我正在尝试提取 HTML 文件的元标记,并通过 tika 集成将它们索引到 solr 中.我无法使用 Tika 提取这些元标记,也无法在 solr 中显示.

I am trying to extract the metatags of HTML files and indexing them into solr with tika integration. I am not able to extract those metatags with Tika and not able to display in solr.

我的 HTML 文件是这样的.

My HTML file is look like this.

<meta http-equiv="Content-Type" content="text/html; charset=UTF-8">
<meta name="product_id" content="11"/>
<meta name="assetid" content="10001"/>
<meta name="title" content="title of the article"/>
<meta name="type" content="0xyzb"/>
<meta name="category" content="article category"/>
<meta name="first" content="details of the article"/>

<h4>title of the article</h4>
<p class="link"><a href="#link">How cite the Article</a></p>
<p class="list">
  <span class="listterm">Length: </span>13 to 15 feet<br>
  <span class="listterm">Height to Top of Head: </span>up to 18 feet<br>
  <span class="listterm">Weight: </span>1,200 to 4,300 pounds<br>
  <span class="listterm">Diet: </span>leaves and branches of trees<br>
  <span class="listterm">Number of Young: </span>1<br>
  <span class="listterm">Home: </span>Sahara<br>
</p>
</p>

我的 data-config.xml 文件是这样的

My data-config.xml file look like this

<dataConfig>
<dataSource name="bin" type="BinFileDataSource" />
    <document>   
    <entity name="f" dataSource="null" rootEntity="false"
        processor="FileListEntityProcessor"
        baseDir="/path/to/html/files/" 
        fileName=".*html|xml" onError="skip"
        recursive="false">

        <field column="fileAbsolutePath" name="path" />
        <field column="fileSize" name="size"/>
        <field column="file" name="filename"/>

        <entity name="tika-test" dataSource="bin" processor="TikaEntityProcessor" 
        url="${f.fileAbsolutePath}" format="text" onError="skip">

        <field column="product_id" name="product_id" meta="true"/>
        <field column="assetid" name="assetid" meta="true"/>
        <field column="title" name="title" meta="true"/>
        <field column="type" name="type" meta="true"/>
        <field column="first" name="first" meta="true"/>
        <field column="category" name="category" meta="true"/>      
        </entity>
    </entity>
</document>
</dataConfig>

在我的 schema.xml 文件中,我添加了以下字段.

In my schema.xml file I have added the following fields.
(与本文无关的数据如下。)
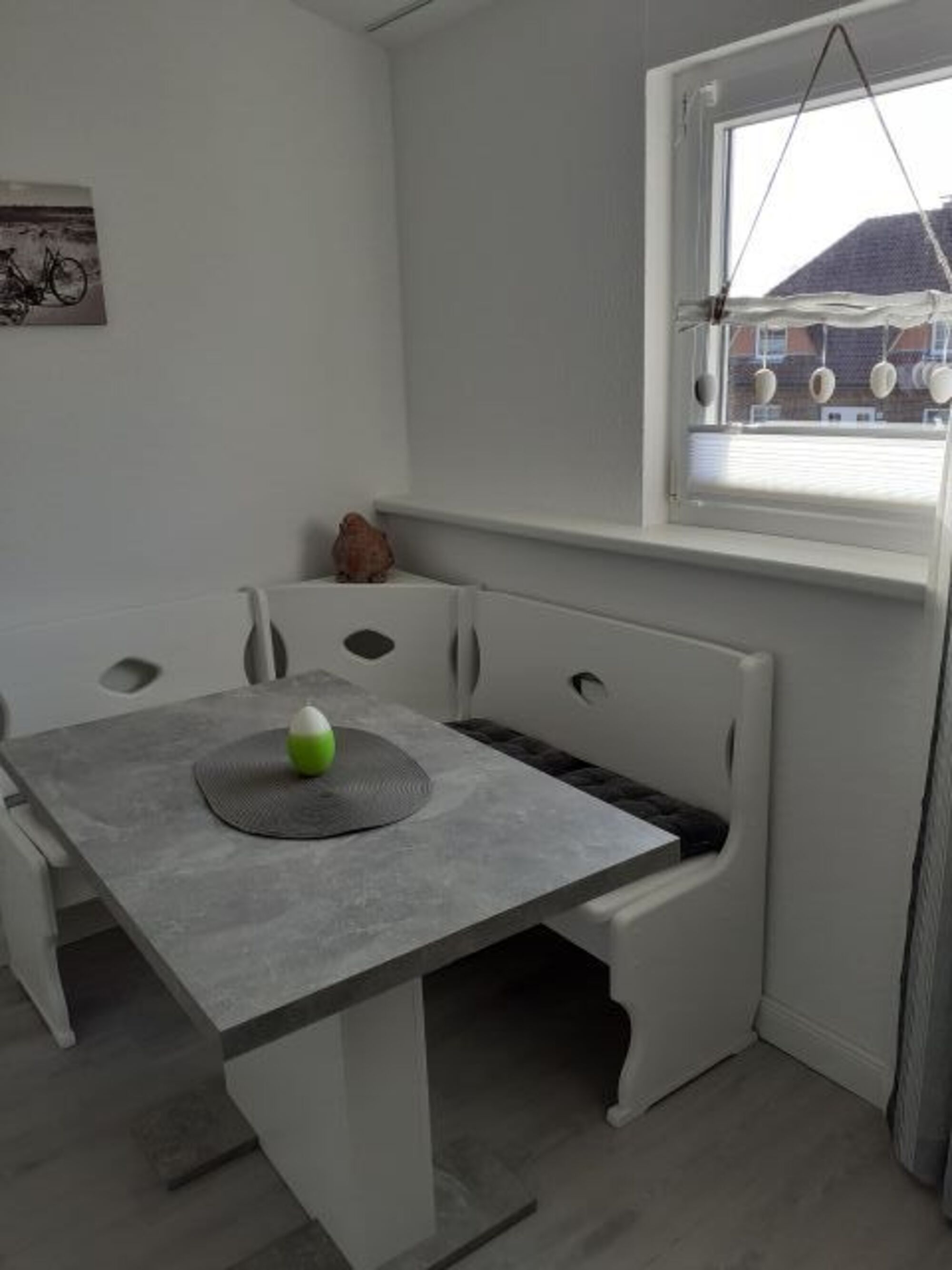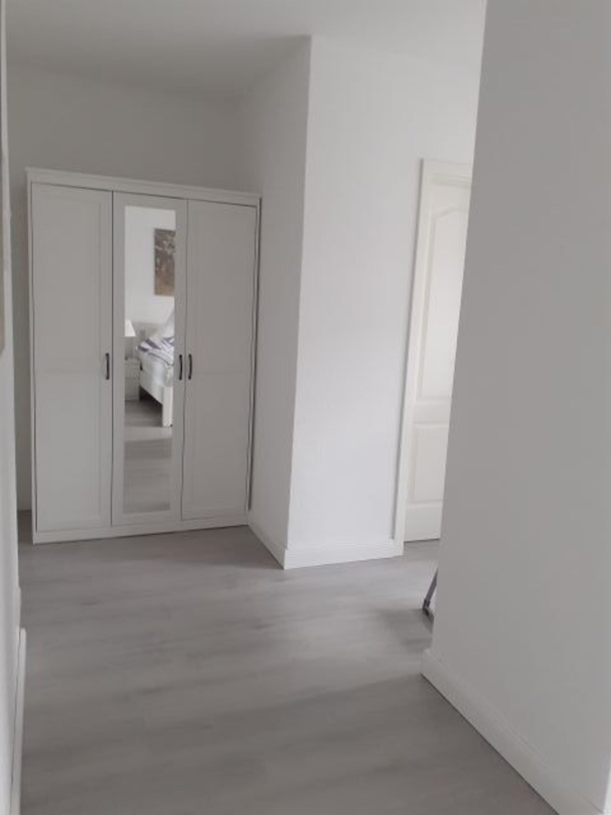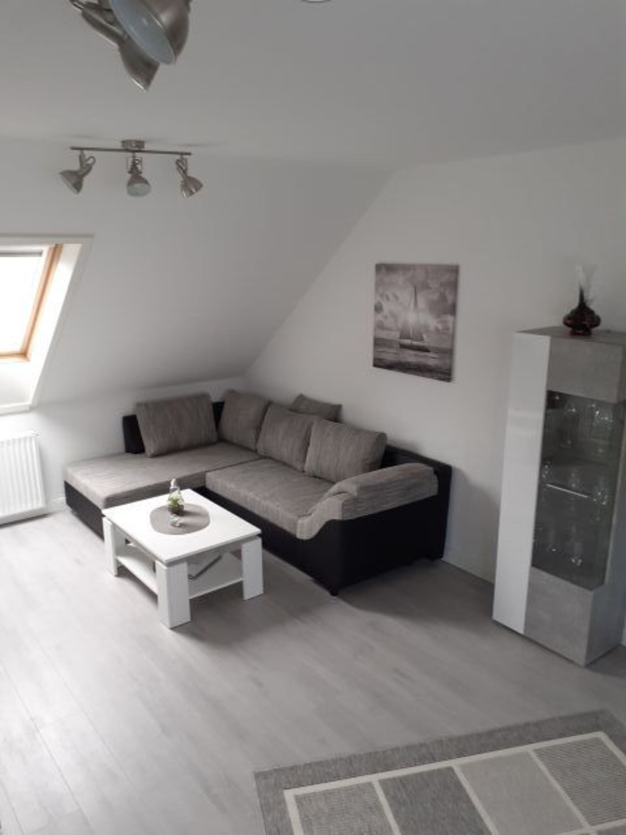 Die Ferienwohnung ist in den Farben grau-weiß im Jahr 2020 entstanden und komplett saniert.
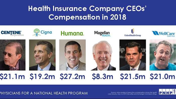 Сьогодні, 28 березня, український письменник Анатолій Ульянов навів дані про зарплати СЕО медичних страхових корпорацій США за 2018 рік.
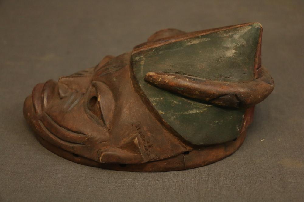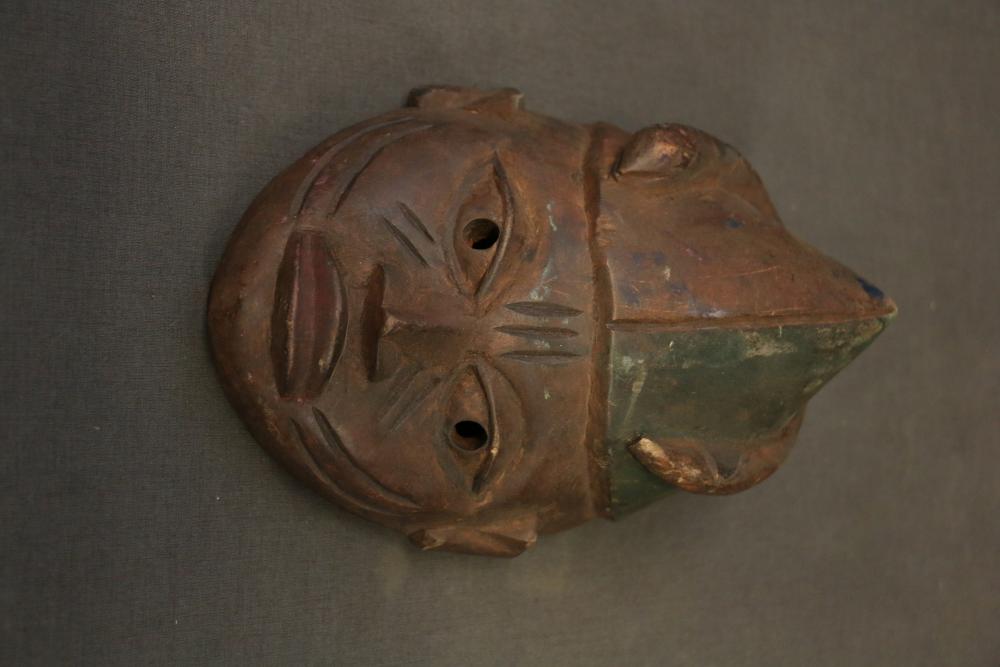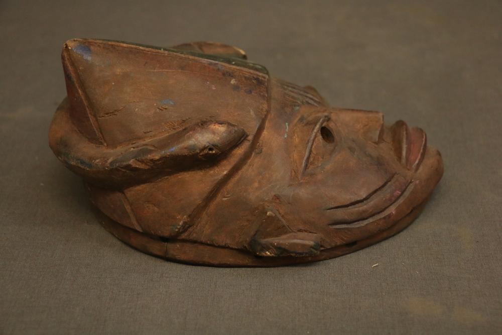Over 170 lots of African art. Items include women's indigo wraps. Marka/Dafing people, Burkina Faso; Dan headdress, Liberia; large carved Mali-style African drum; old currency spears. Tuareg people, Mali & Niger; rod puppet head of Dankalankule, the Oryx antelope; Bandaka “jellyfish” form currency. Mambila & Chamba people; pendants, Coptic Christian people, Ethiopia; leg band. Mongo & Konda people, Congo; Koranko body mask, Guinea, Sierra Leone; abstract bogolan textile. Bamana people, Mali; ceremonial snake-form bayonet/knife. Lobi people, Burkina Faso; ceremonial blacksmith’s hammer, Northern Nigeria; wedding blanket. Tuareg people, Niger & Mali; West African heddle pulleys. (A) Senufo people, Ivory Coast; maternity figure. Lokko people, Sierra Leone; male Chi Wara head crest mask. Bamana people, Mali; rare Asafo flag bearer/dancer's skirt. Fante people, Ghana & more. Items are located in Pleasant Valley, NY.
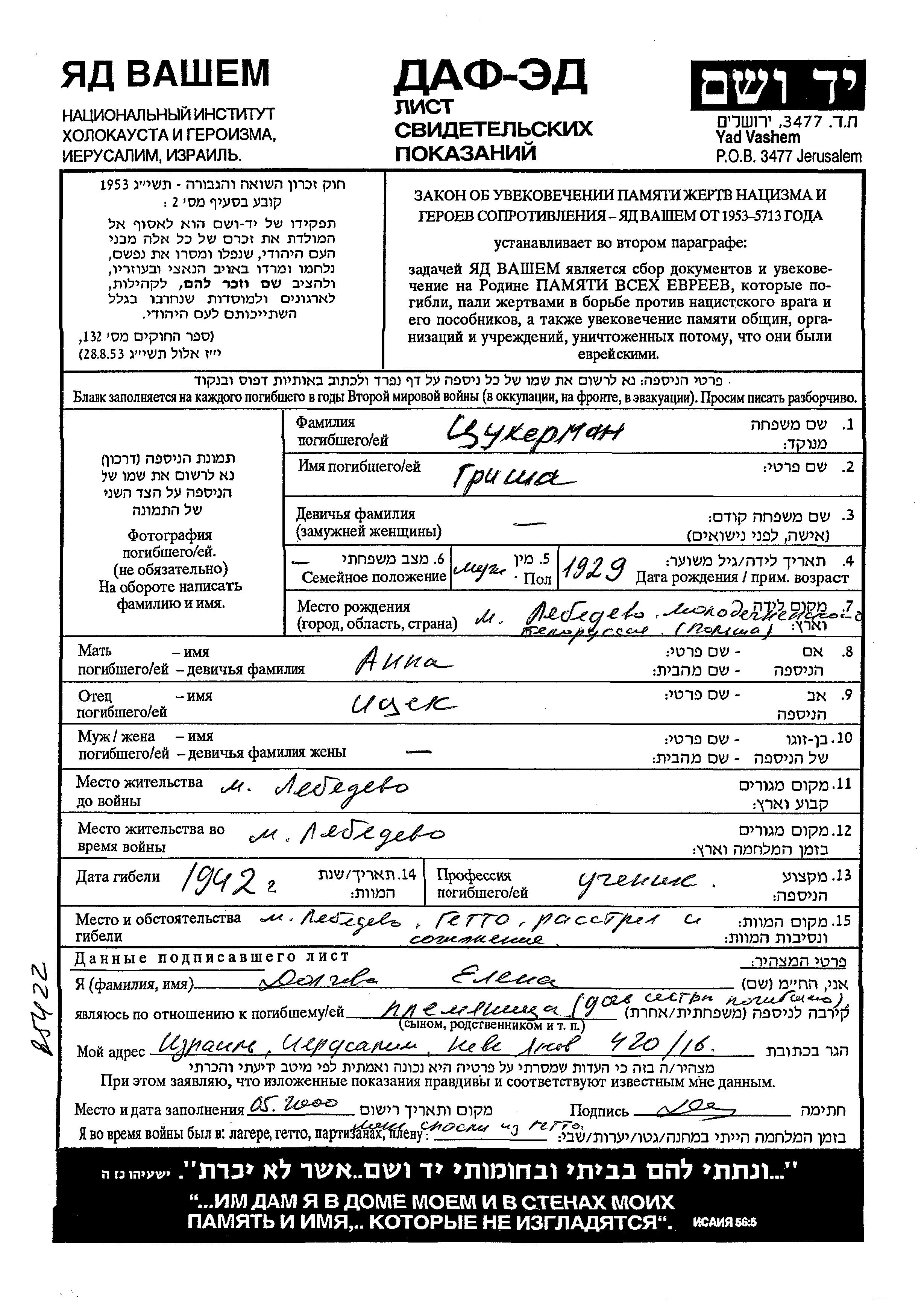 Tzukerman Grisha 1929 Lebedevo, Pologne Feuille de témoignage
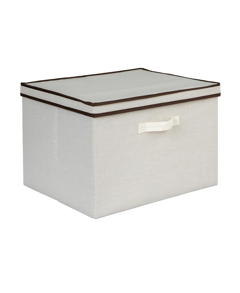 This sturdy and stylish storage box with lid provides limitless organizational functionality for your dressers, closets, basements, or home storage areas. Its timeless design, cream color, and fashionable brown fabric trim create an aesthetically pleasing alternative for plastic totes or old shoebox makeshift storage solutions designed to hide clutter. The storage container is made of a poly linen and is reinforced with solid siding for added stability, durability, and stackability. The canvas blend provides optimal protection from dirt, dust, cobwebs, moths, and other potentially damaging elements in your home, yet offers breathability so your woven items won t fall victim to stale or stuffy odors over time.
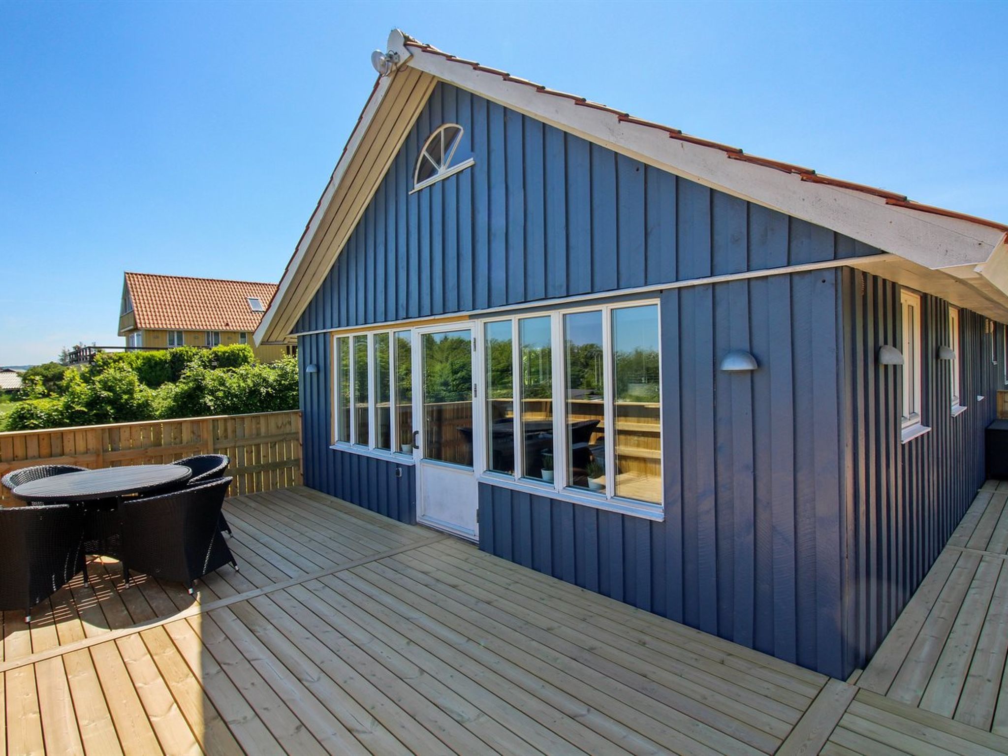 Einfamilienhaus, Baujahr 2003. 150 m vom Meer. Zur Alleinbenutzung: naturbelassenes Grundstück 1'200 m2. Terrasse (35 m2). Im Hause: Waschmaschine. Parkplatz beim Haus. Carport. Lebensmittelgeschäft 1.2 km. Golfplatz 7.5 km. Der Besitzer akzeptiert keine Jugendgruppen.
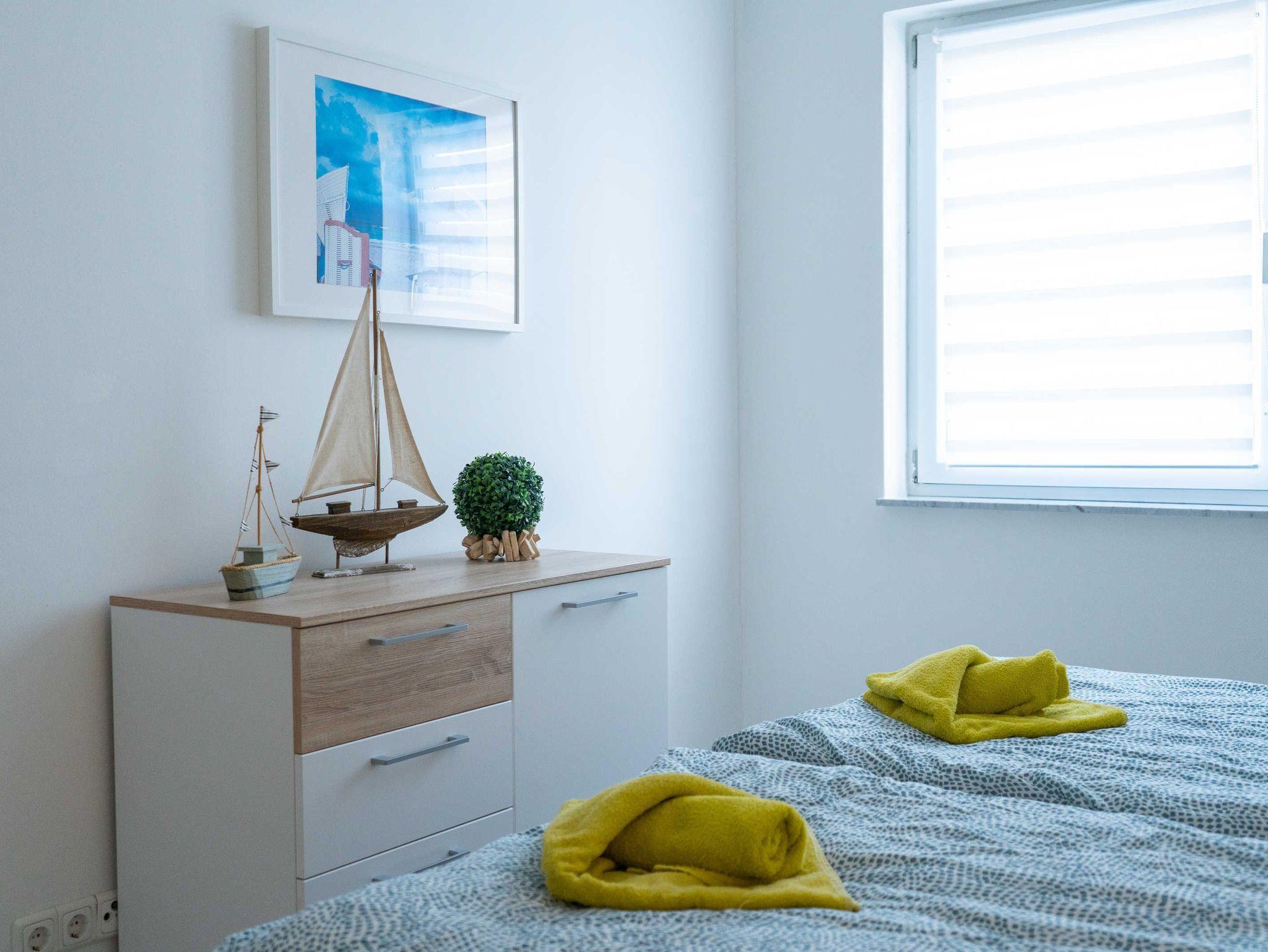 Für erholsamen Schlaf sorgen zwei separate Schlafzimmer mit Doppelbetten (200x200 cm; getrennte Matratzen). Weitere vier Schlafplätze (90x200 cm, jeweils zwei Matratzen nebeneinander) befinden sich in den beiden ausgebauten Dachgiebeln, die über eine Leiter erreichbar sind (Hinweis: Deckenhöhe dort ca. 1,40 m).
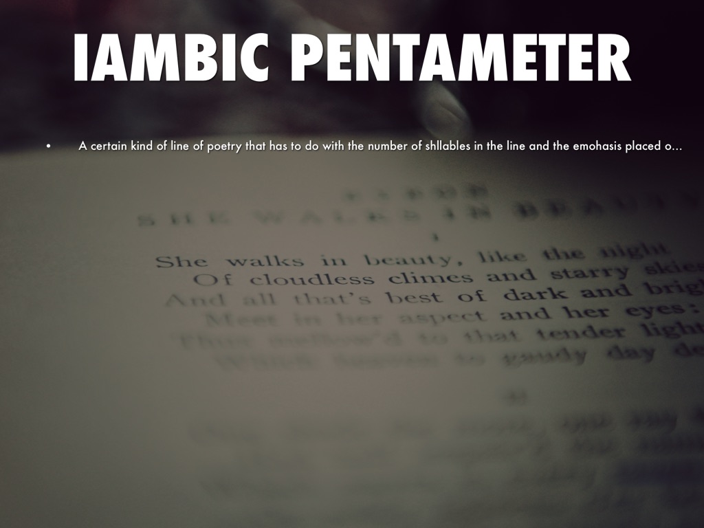 • A certain kind of line of poetry that has to do with the number of shllables in the line and the emohasis placed on thise syllables.
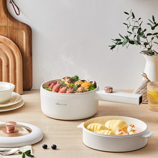 小熊电煮锅DRG 电热锅小电锅电炒锅火锅煮面锅1.6L配蒸笼 P16M2
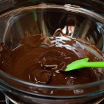 Rozpuszczoną, delikatnie przestygniętą czekoladę, wylewamy na deskę (najlepiej szklaną) i wstawiamy do lodówki.
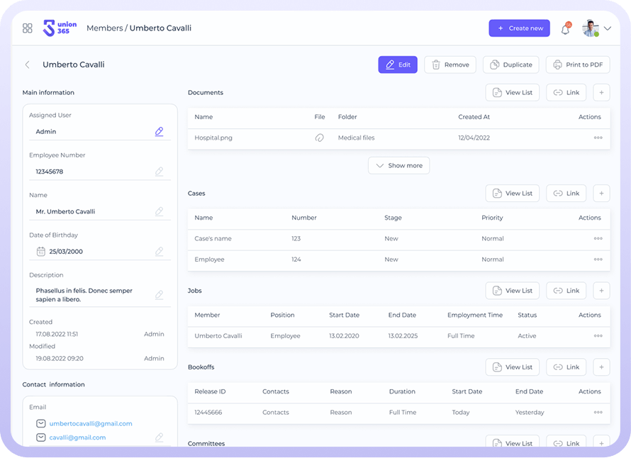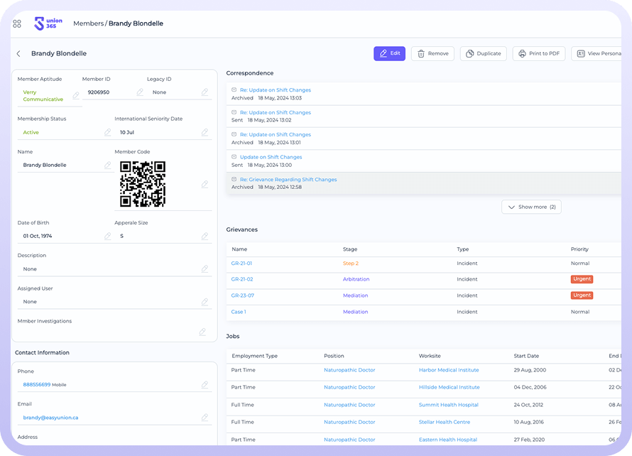 Union365 gives you a centralized, searchable system for storing all member data — names, worksites, dues, contact details, history, and more — so you always have the full picture, instantly.
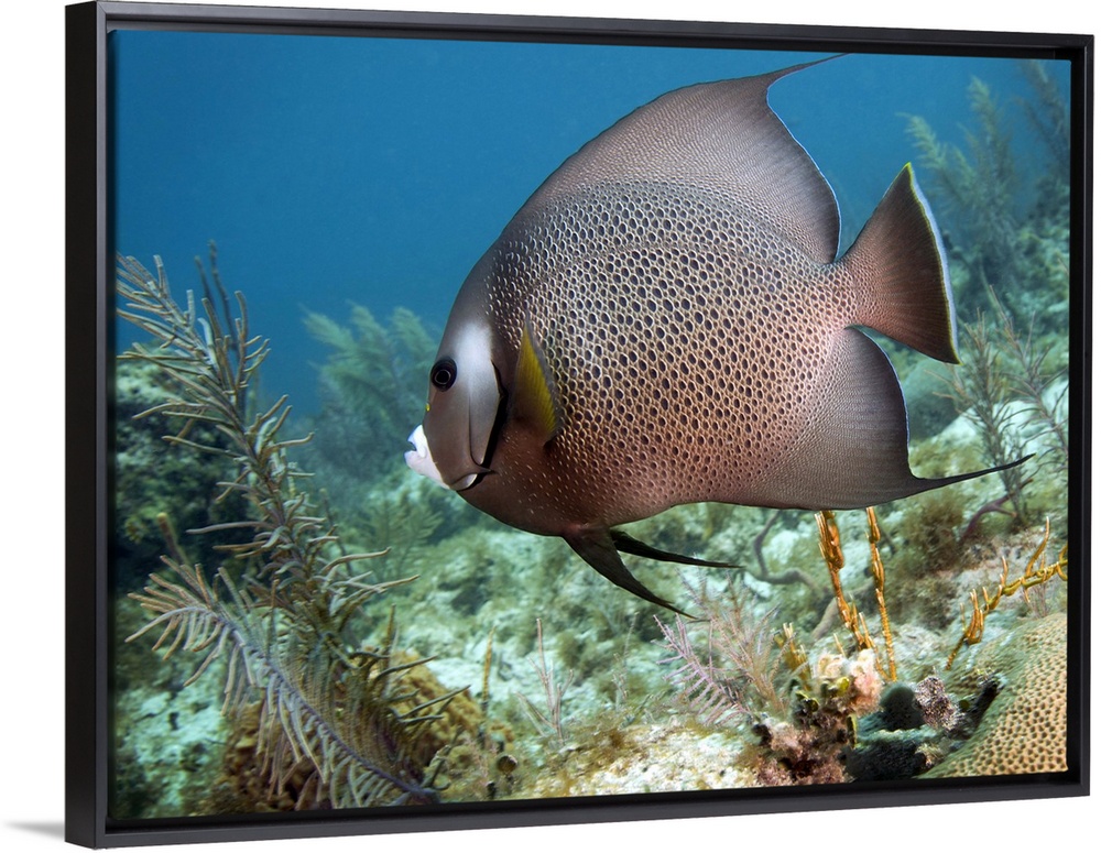 <p>A Gray Angelfish (Pomacanthus arcuatus) swims by diamond and fire corals in the shallow waters of the Atlantic Ocean off the coast of Key Largo, Florida.</p>

<field name="product_id" type="string" indexed="true" stored="true"/>
<field name="assetid" type="string" indexed="true" stored="true" />
<field name="title" type="string" indexed="true" stored="true"/>
<field name="type" type="string" indexed="true" stored="true"/>
<field name="category" type="string" indexed="true" stored="true"/>
<field name="first" type="text_general" indexed="true" stored="true"/>

在我的 solrconfing.xml 文件中,我添加了以下代码.

In my solrconfing.xml file I have added the following code.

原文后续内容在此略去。